- **What is being asked**
Print out every line of the material exactly. Include no pictures.

- **Given data**
————————

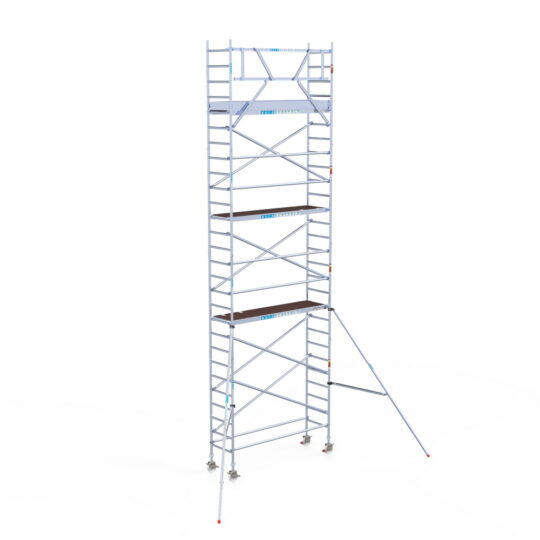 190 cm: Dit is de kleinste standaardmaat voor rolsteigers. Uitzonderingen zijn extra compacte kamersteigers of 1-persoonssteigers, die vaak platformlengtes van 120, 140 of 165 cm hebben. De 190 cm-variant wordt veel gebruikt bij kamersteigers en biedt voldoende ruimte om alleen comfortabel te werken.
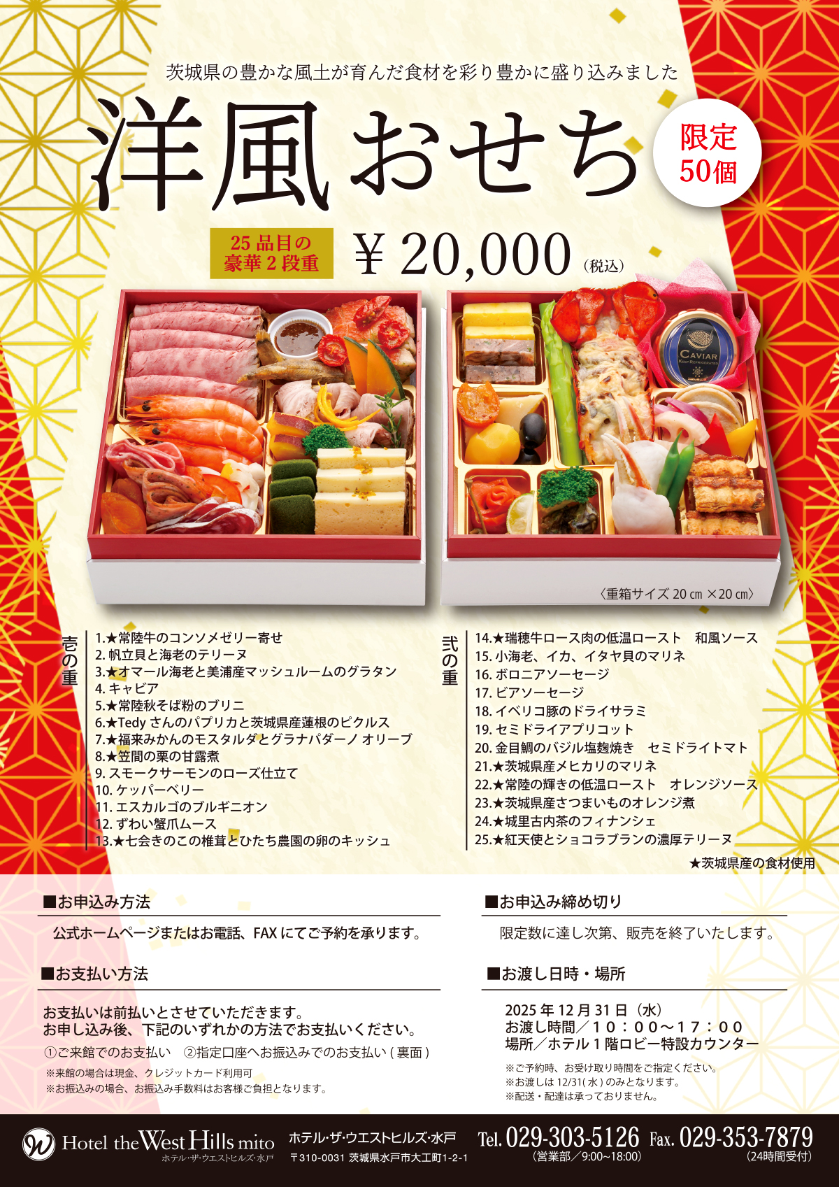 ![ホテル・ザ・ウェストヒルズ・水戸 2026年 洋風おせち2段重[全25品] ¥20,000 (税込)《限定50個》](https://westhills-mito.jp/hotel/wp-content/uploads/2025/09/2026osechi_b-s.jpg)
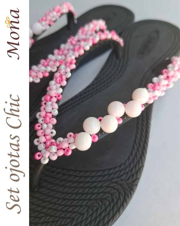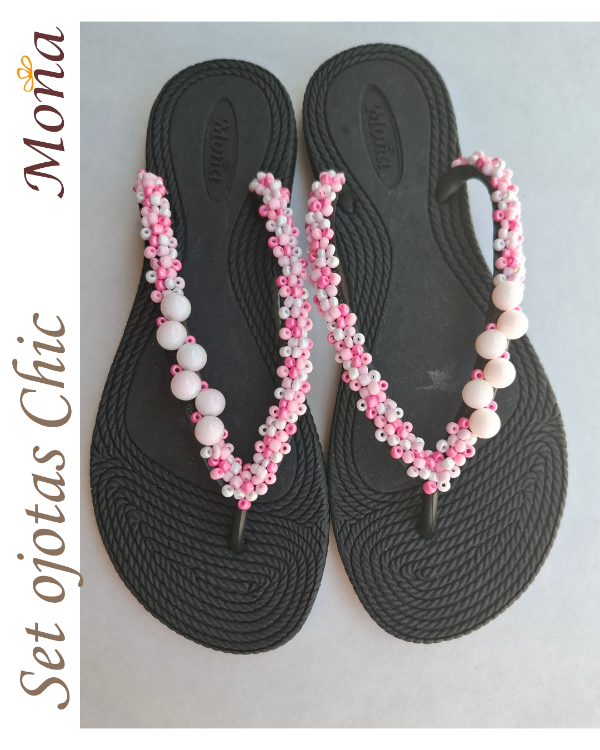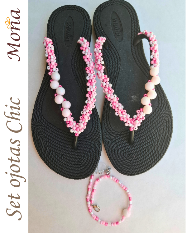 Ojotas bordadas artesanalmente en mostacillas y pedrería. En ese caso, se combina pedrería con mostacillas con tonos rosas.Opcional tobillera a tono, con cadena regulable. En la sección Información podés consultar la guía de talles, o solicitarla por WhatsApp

————————

- **Expected answer**
 190 cm: Dit is de kleinste standaardmaat voor rolsteigers. Uitzonderingen zijn extra compacte kamersteigers of 1-persoonssteigers, die vaak platformlengtes van 120, 140 of 165 cm hebben. De 190 cm-variant wordt veel gebruikt bij kamersteigers en biedt voldoende ruimte om alleen comfortabel te werken.
 ![ホテル・ザ・ウェストヒルズ・水戸 2026年 洋風おせち2段重[全25品] ¥20,000 (税込)《限定50個》](https://westhills-mito.jp/hotel/wp-content/uploads/2025/09/2026osechi_b-s.jpg)
 Ojotas bordadas artesanalmente en mostacillas y pedrería. En ese caso, se combina pedrería con mostacillas con tonos rosas.Opcional tobillera a tono, con cadena regulable. En la sección Información podés consultar la guía de talles, o solicitarla por WhatsApp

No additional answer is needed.